That doesn't look like a serious threat to me. Most times the hackers would try different extension numbers. They wouldn't try the same extension multiple times unless you do have an extension 172 and they are trying different passwords. Check to see if you have a remote extension trying to register with the wrong password. If you don't have external devices registering to your server, you should consider changing your configuration.
You can also set fail2ban to "permanently" ban the IP address with "-1" for the "bantime". Permanently is really until you reboot or restart iptables.

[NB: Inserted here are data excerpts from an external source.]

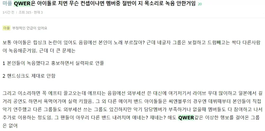- 일부 팬들은 QWER가 녹음된 음원으로 자신들의 실력을 과장 홍보하고 있다는 점을 지적했습니다.
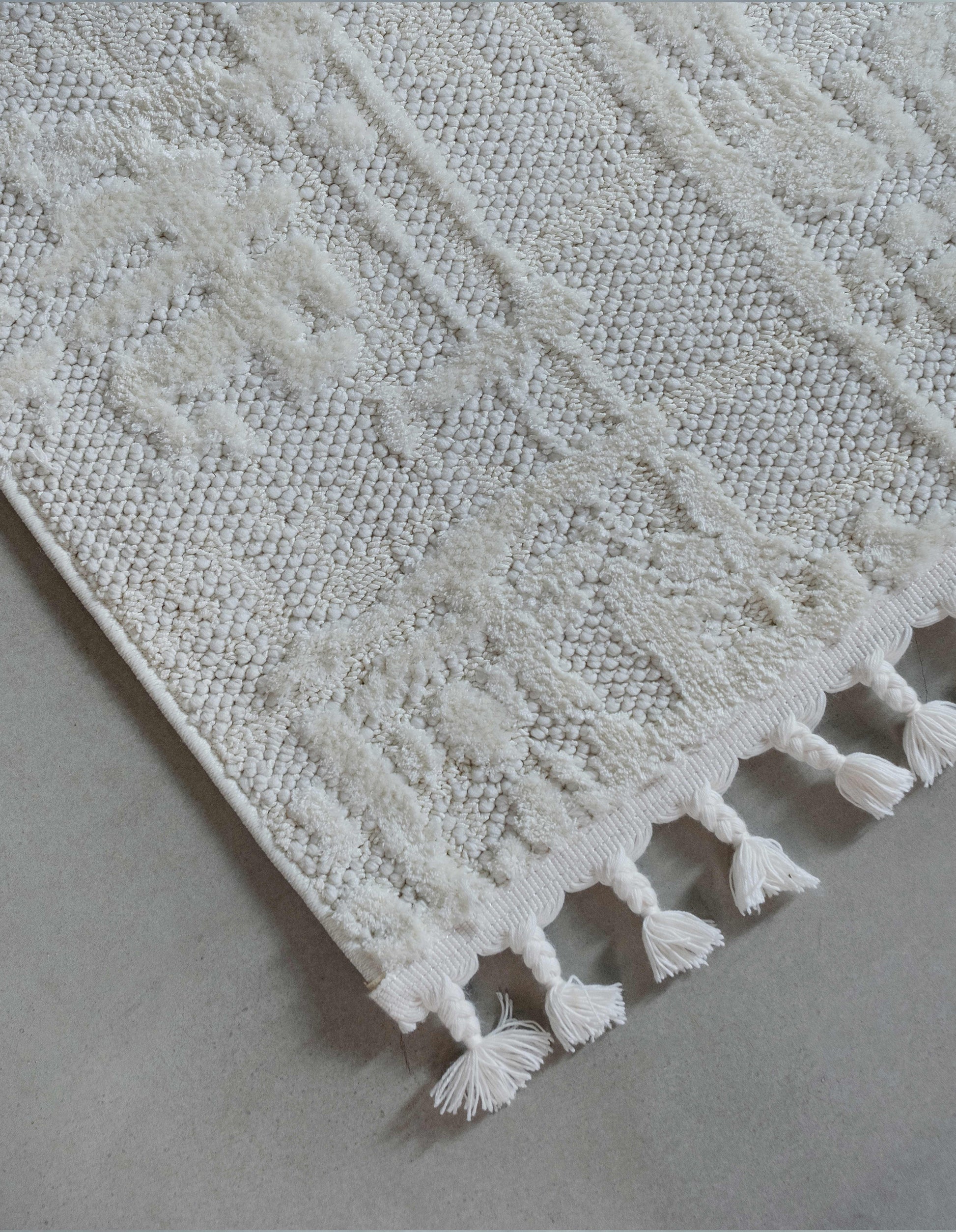 Doğal elyaf ve pamuk atkı kullanımı nedeniyle %3 oranında çekme yaşanabilir. Tekstil ürünlerinde ipliklerin boyanmasından kaynaklanan hafif renk ton farklılıkları normaldir ve her ürünü benzersiz kılar. Bu özelliklerle, uzun ömürlü ve konforlu bir deneyim sunan ürünümüz, yaşam alanlarınıza zarafet katacak.
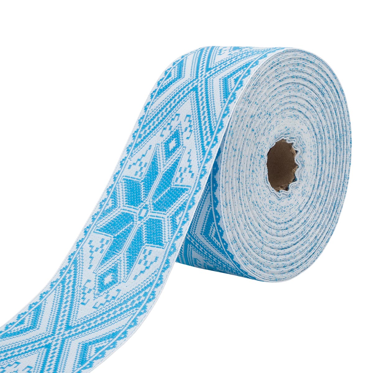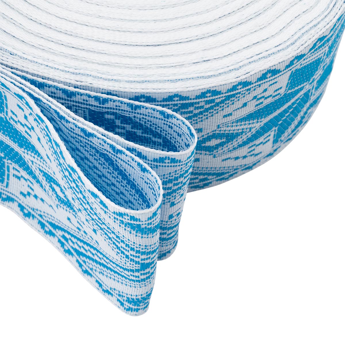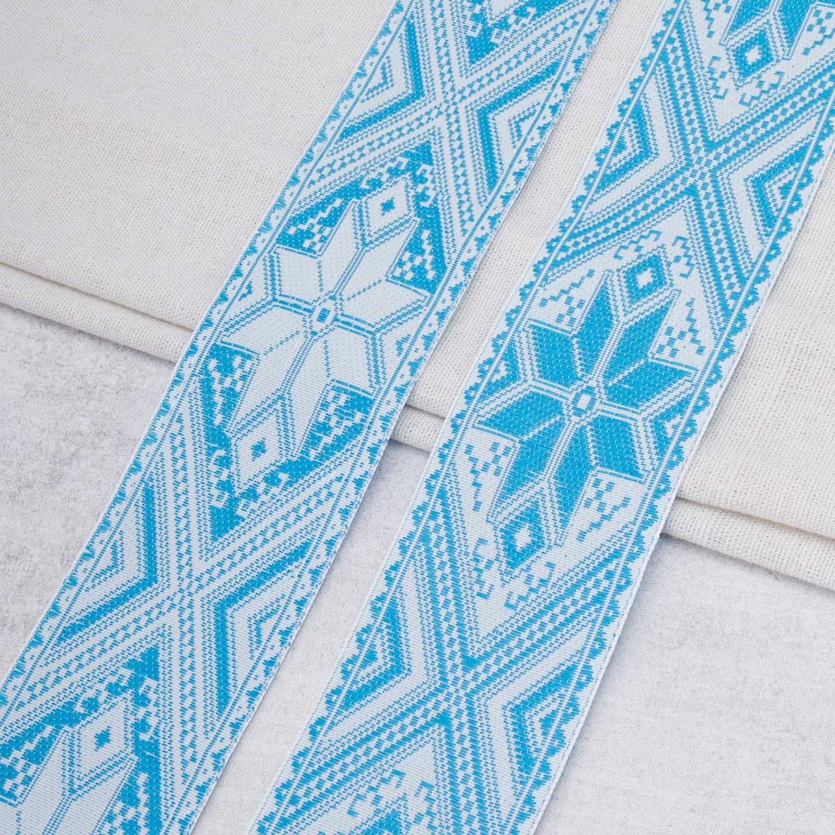 Лента (тесьма) жаккардовая 50.0 мм / 25 метров, Славянский орнамент Оберег, рис.9466, белый / голубой, С3775Г17
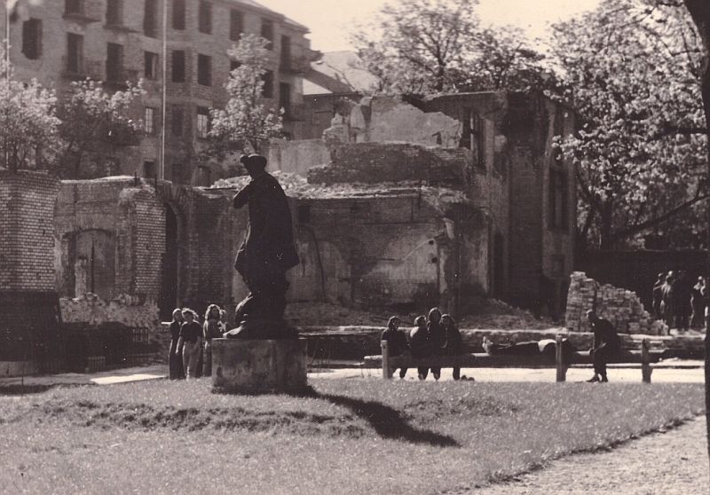A Győri úti kert a Toldi-szoborral 1945 (TE Képgyűjtemény)
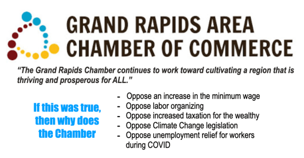 Ultimately, the Grand Rapids Chamber of Commerce has a long track record for not caring about the most vulnerable people in our community. This is because the local Chamber of Commerce is made up primarily of the economic and political elite, which will never do anything that threatens or diminishes their own interests, unless that are confronted by resistance movements to do so. The recently held Policy Conference by the GR Chamber and who they invited to speak is just one more affirmation of their commitment to power and privilege.
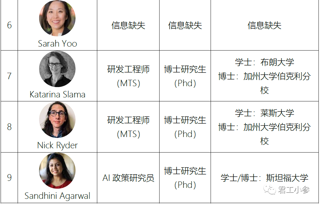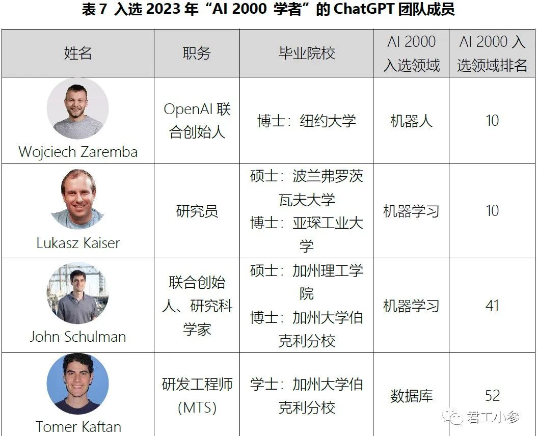 ChatGPT 團隊規模不足百人(共87人)。分析發現,其顯著特徵是“年紀很輕”、“背景豪華”、“聚焦技術”、“積累深厚”、“崇尚創業”和“華人搶眼”。
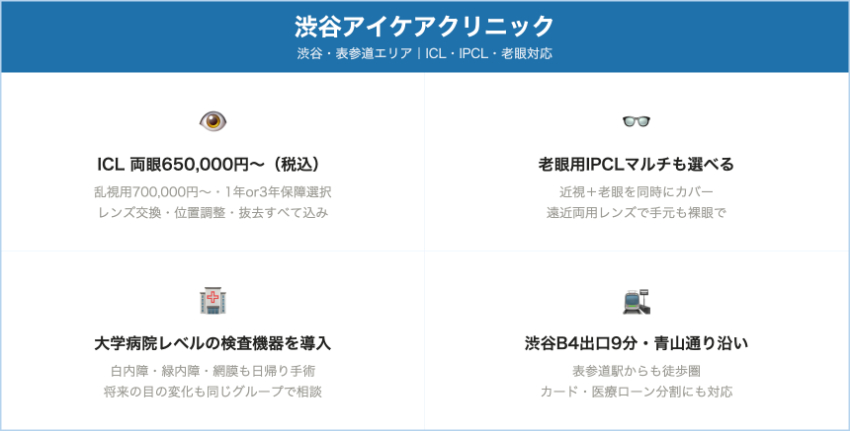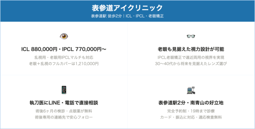 | 表参道アイクリニック | 表参道(表参道駅徒歩2分) | 880,000円(ICL) | 990,000円 | 術後6か月検診・点眼薬無料、執刀医にLINE/電話で相談可。IPCL(老眼対応)もあり。 |
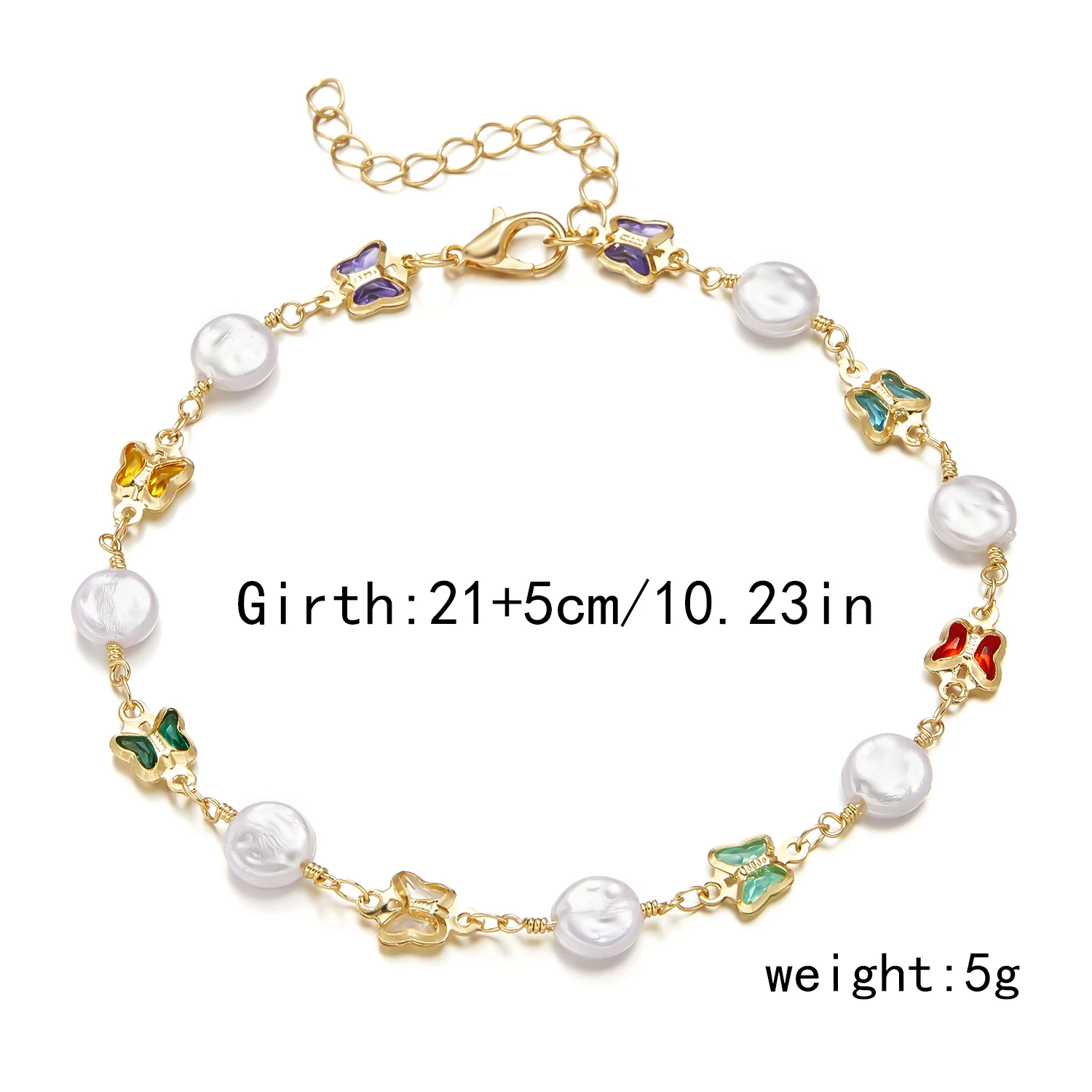 Exquisite Boho Candy Color Heart Shaped Crystal Bracelet for Women Fashion Charm Zircon Butterfly Pearl Metal Chain Bracelets
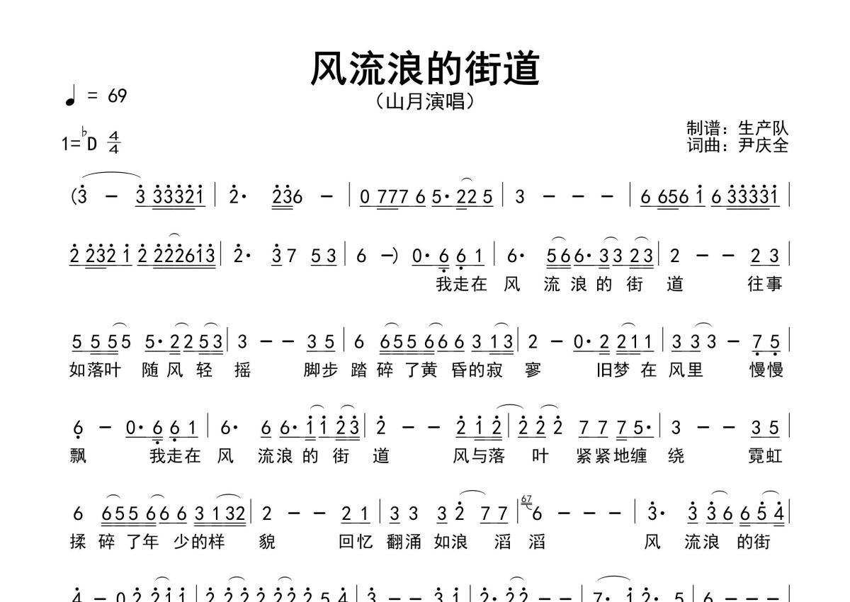 《风流浪的街道》是山月演唱的一首歌曲,原版简谱,拍号为4/4拍,歌曲速度为每分钟69拍,这份简谱共有一张高清图谱,图谱由 @生产队 编配上传山月演唱的歌曲《风流浪的街道》原版简谱,含精准的前奏solo编配,精编完美版,优质推荐!。
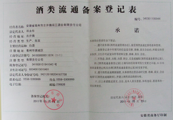 安徽闯王酒业有限责任公司
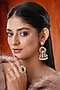 Featuring a pair of gold finish jhumka earrings studded with kundan polki and red stones, set in mixed metal. It has a push back closure. Ideal for festive occasions, weddings, or elevating your elegant evening look.
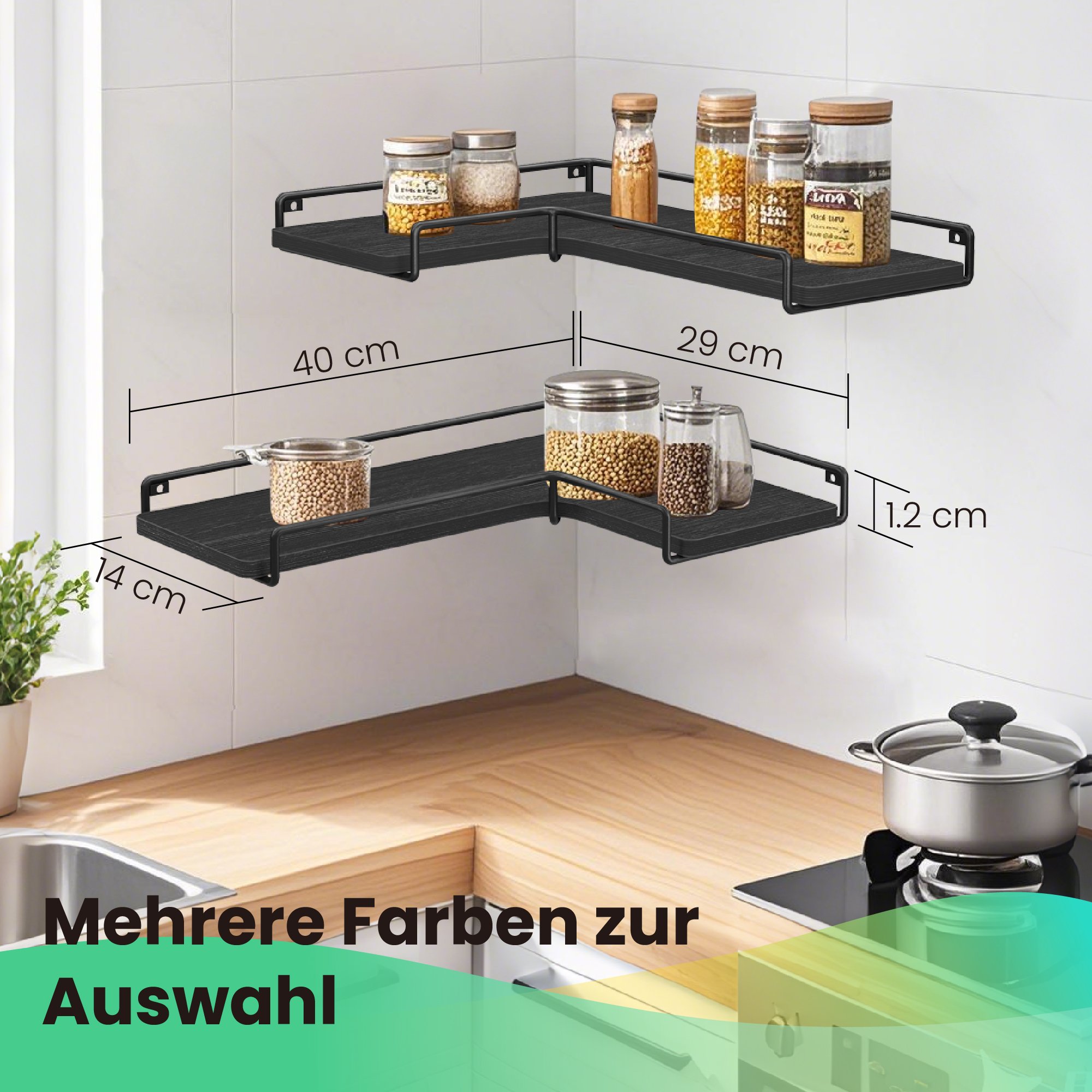 L-shaped corner shelf, set of 2, wall shelf, living room, bedroom, kitchen, industrial design, vintage brown-black
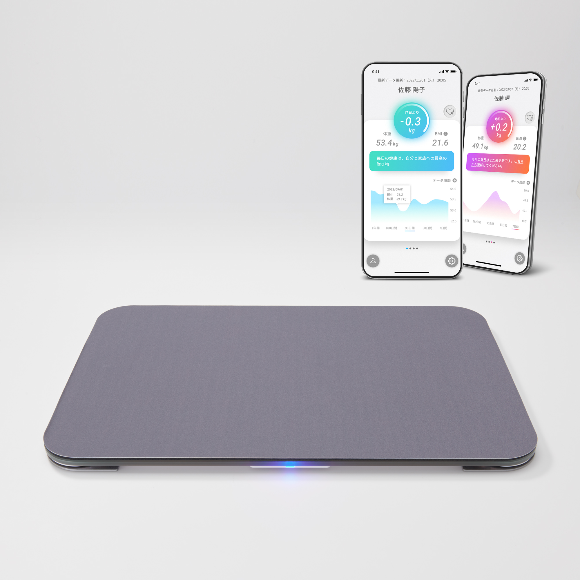 そして「家族の健康」にも留意しました。最大8名分までデータを取れ、各自のアカウントで確認できる他、離れて住む家族のデータもリモートで確認できます。その他、単に体重を記録していくだけでなく、体重変化の傾向をAIが解析し、未来の体重変化を先読みしてくれる機能により、健康意識を高めます。実際にユーザー調査によれば、約30日間の利用で平均0.8kg体重を減らせています。バスマットとしても、洗濯機で丸洗いできる珪藻土入りのソフトなもので、快適に使えるようにしています。
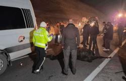 وأظهرت صور ومقاطع فيديو على الطريق السريع في محافظة مالاطيا، جنوب تركيا، مشاهد مأساوية لخيول نافقة، بينها واحدة تحت حافلة نقل ركاب متوسطة، كما تعرضت سيارة خاصة لأضرار جسيمة.
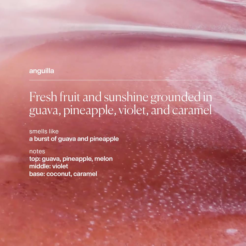 - UNIVERSAL FLAVOR AND DESIGN: Enjoy the refreshing flavor of Anguilla, a fresh fruit and sunshine-y flavor grounded in guava, pineapple, violet, and caramel.
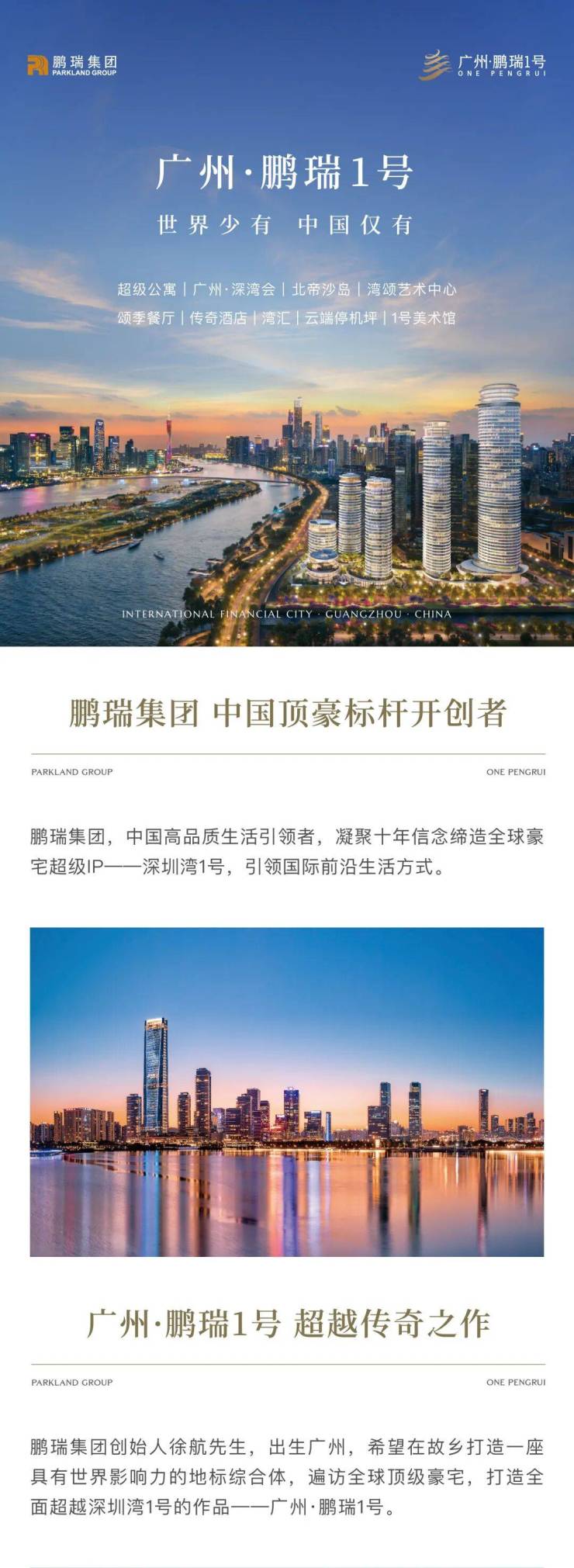 广州鹏瑞 1 号是鹏瑞集团继深圳湾 1 号后,以 “全面超越自我” 理念打造的 “中国仅有、世界少有” 全球影响力地标综合体。作为创始人徐航先生献给故乡广州的百年建筑作品,其定位 “服务全球企业的广州会客厅”,对标纽约 220 Central Park South、东京 Aman Residences 等国际顶豪,重新定义粤港澳大湾区顶奢生活标准。2023 年,项目斩获世界高层建筑与都市人居学会 CTBUH 全球未来奖,印证其建筑领域的国际认可度。

One more thing. You may want to edit your post and mask your IP address. The crooks do read these posts to see where the holes are.


Good Luck,

Robin

 

[jpe]

Some clips from a days log files showing people up to no good. So far looks like the system is keeping them at bay. There are at least a hundred or two attempts from about a dozen IPs in this log file.

I'm pretty sure they change IPs daily. Is there some database being kept of them?

I think Security should have it's own forum so issues can be itemized.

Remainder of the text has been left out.